JSON-LD Context and Example
{
"@context": {
"@vocab": "https://open-metadata.org/schema/",
"om": "https://open-metadata.org/schema/",
"rdfs": "http://www.w3.org/2000/01/rdf-schema#",
"xsd": "http://www.w3.org/2001/XMLSchema#",
"MlModel": "om:MlModel",
"name": {
"@id": "om:modelName",
"@type": "xsd:string"
},
"fullyQualifiedName": {
"@id": "om:fullyQualifiedName",
"@type": "xsd:string"
},
"displayName": {
"@id": "om:displayName",
"@type": "xsd:string"
},
"description": {
"@id": "om:description",
"@type": "xsd:string"
},
"algorithm": {
"@id": "om:algorithm",
"@type": "xsd:string"
},
"target": {
"@id": "om:target",
"@type": "xsd:string"
},
"mlFeatures": {
"@id": "om:hasFeature",
"@type": "@id",
"@container": "@list"
},
"mlHyperParameters": {
"@id": "om:hasHyperParameter",
"@type": "@id",
"@container": "@list"
},
"service": {
"@id": "om:belongsToService",
"@type": "@id"
},
"owners": {
"@id": "om:ownedBy",
"@type": "@id",
"@container": "@set"
},
"followers": {
"@id": "om:followedBy",
"@type": "@id",
"@container": "@set"
},
"domains": {
"@id": "om:inDomain",
"@type": "@id",
"@container": "@set"
},
"dataProducts": {
"@id": "om:partOfDataProduct",
"@type": "@id",
"@container": "@set"
},
"tags": {
"@id": "om:hasTag",
"@type": "@id",
"@container": "@set"
},
"votes": {
"@id": "om:hasVotes",
"@type": "@id"
},
"lifeCycle": {
"@id": "om:hasLifeCycle",
"@type": "@id"
},
"certification": {
"@id": "om:hasCertification",
"@type": "@id"
}
}
}
Example JSON-LD Instance:
{
"@context": "https://open-metadata.org/context/mlmodel.jsonld",
"@type": "MlModel",
"@id": "https://example.com/models/customer_churn_predictor",
"name": "customer_churn_predictor",
"fullyQualifiedName": "mlflow_prod.customer_churn_predictor",
"displayName": "Customer Churn Predictor",
"description": "Predicts customer churn risk using RFM features and XGBoost",
"algorithm": "XGBoost",
"target": "churn",
"service": {
"@id": "https://example.com/services/mlflow_prod",
"@type": "MLModelService",
"name": "mlflow_prod"
},
"mlFeatures": [
{
"@type": "MlFeature",
"name": "recency",
"dataType": "integer",
"description": "Days since last purchase",
"featureSources": [
{
"@id": "https://example.com/tables/customers/columns/last_purchase_date",
"@type": "Column"
}
]
},
{
"@type": "MlFeature",
"name": "frequency",
"dataType": "integer",
"description": "Number of purchases in last 90 days"
},
{
"@type": "MlFeature",
"name": "monetary",
"dataType": "float",
"description": "Total spend in last 90 days"
}
],
"mlHyperParameters": [
{"name": "max_depth", "value": "6"},
{"name": "learning_rate", "value": "0.1"},
{"name": "n_estimators", "value": "100"}
],
"owners": [
{
"@id": "https://example.com/teams/data-science",
"@type": "Team",
"name": "data-science"
}
],
"domains": [
{
"@id": "https://example.com/domains/customer-analytics",
"@type": "Domain",
"name": "Customer Analytics"
}
],
"tags": [
{
"@id": "https://open-metadata.org/tags/Tier/Production",
"tagFQN": "Tier.Production"
},
{
"@id": "https://open-metadata.org/tags/ModelType/Classification",
"tagFQN": "ModelType.Classification"
}
]
}
Use Cases¶
- Catalog ML models across MLflow, SageMaker, Vertex AI, etc.
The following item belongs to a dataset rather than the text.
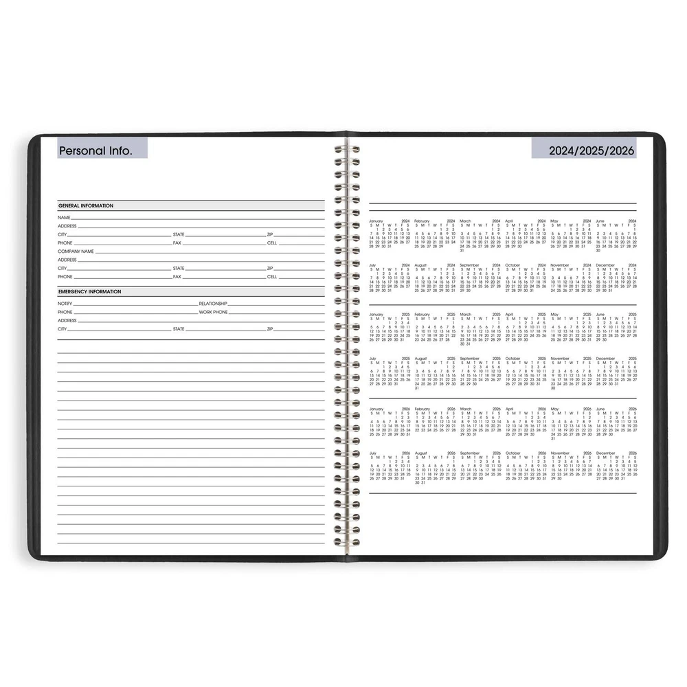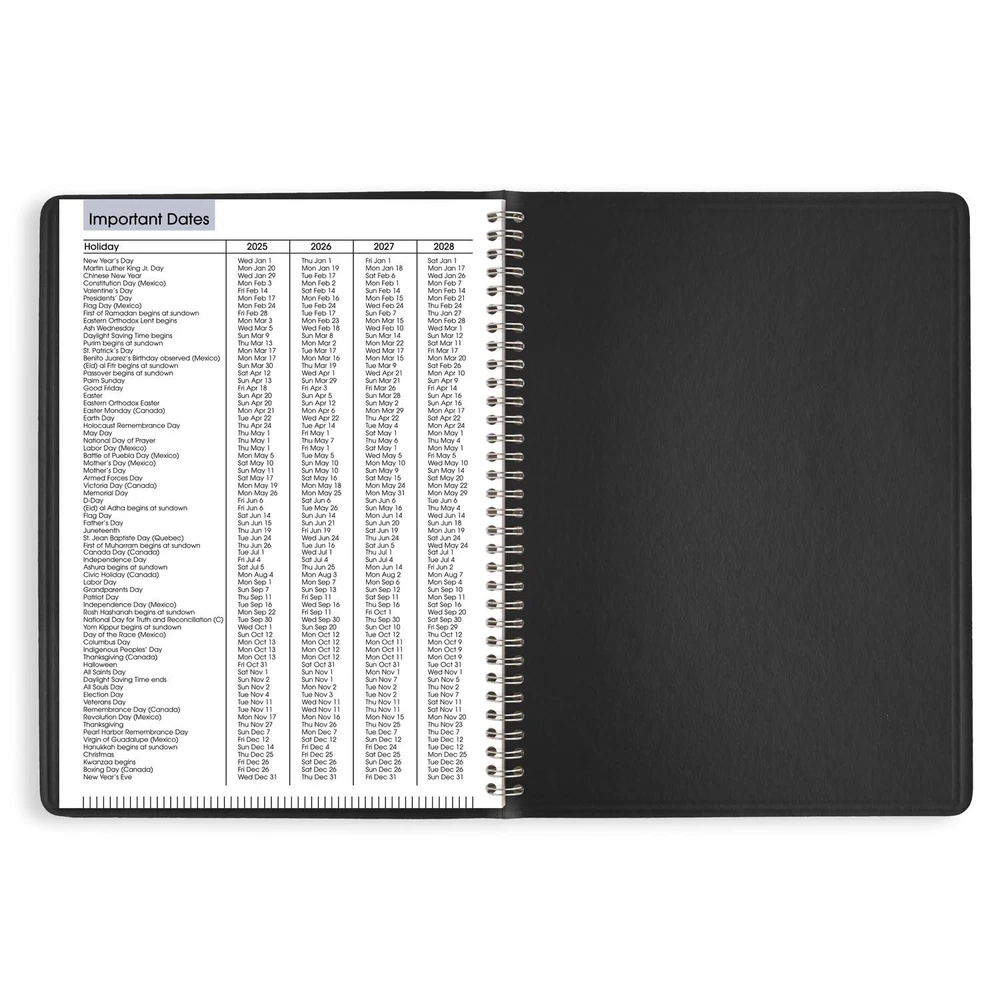 YEAR ROUND PLANNING – Planner covers a 12-month date range from January 2025 — December 2025 with Julian dates GUARANTEED TO LAST ALL YEAR – ACCO Brands will replace any defective planner that is returned within one year from the date of purchase. This guarantee does not cover damage due to misuse or abuse. INK BLEED RESISTANCE – Plan your schedule without fear of distracting ink bleeding. Our high-quality paper is designed for ink bleed resistance, which keeps plans neat and legible. WEEKLY VIEWS – One week per two page spread features ruled hourly appointment times from 7:00 a.m. — 9:45 p.m., Monday — Friday and 7:00 a.m. — 6:35 p.m. on Saturday. Sundays are untimed. Pages measure 8" x 11". SPECIAL FEATURES – Includes a 3-year reference calendar, personal information and important dates PROFESSIONAL DESIGN – Planner has a durable black cover and twin wire binding to help prevent snags and secure pages ASSEMBLED IN THE U.S. – Thoughtfully designed and assembled in the U.S. using high-quality materials

- Document model algorithm, features, and purpose
- Track feature lineage from source tables to model inputs
- Monitor model performance metrics and drift
- Version models with training data snapshots
- Apply governance tags (bias-checked, production-ready, etc.)
- Link models to dashboards showing performance
- Capture model deployment endpoints and serving infrastructure
- Enable impact analysis (what breaks if training data changes?)
- Ensure reproducibility with hyperparameter tracking
JSON Schema Specification¶
Core Properties¶
id (uuid)¶
Type: string (UUID format) Required: Yes (system-generated) Description: Unique identifier for this ML model instance
name (entityName)¶
Type: string Required: Yes Pattern: ^[^.]*$ (no dots allowed) Min Length: 1 Max Length: 256 Description: Name of the ML model (unqualified)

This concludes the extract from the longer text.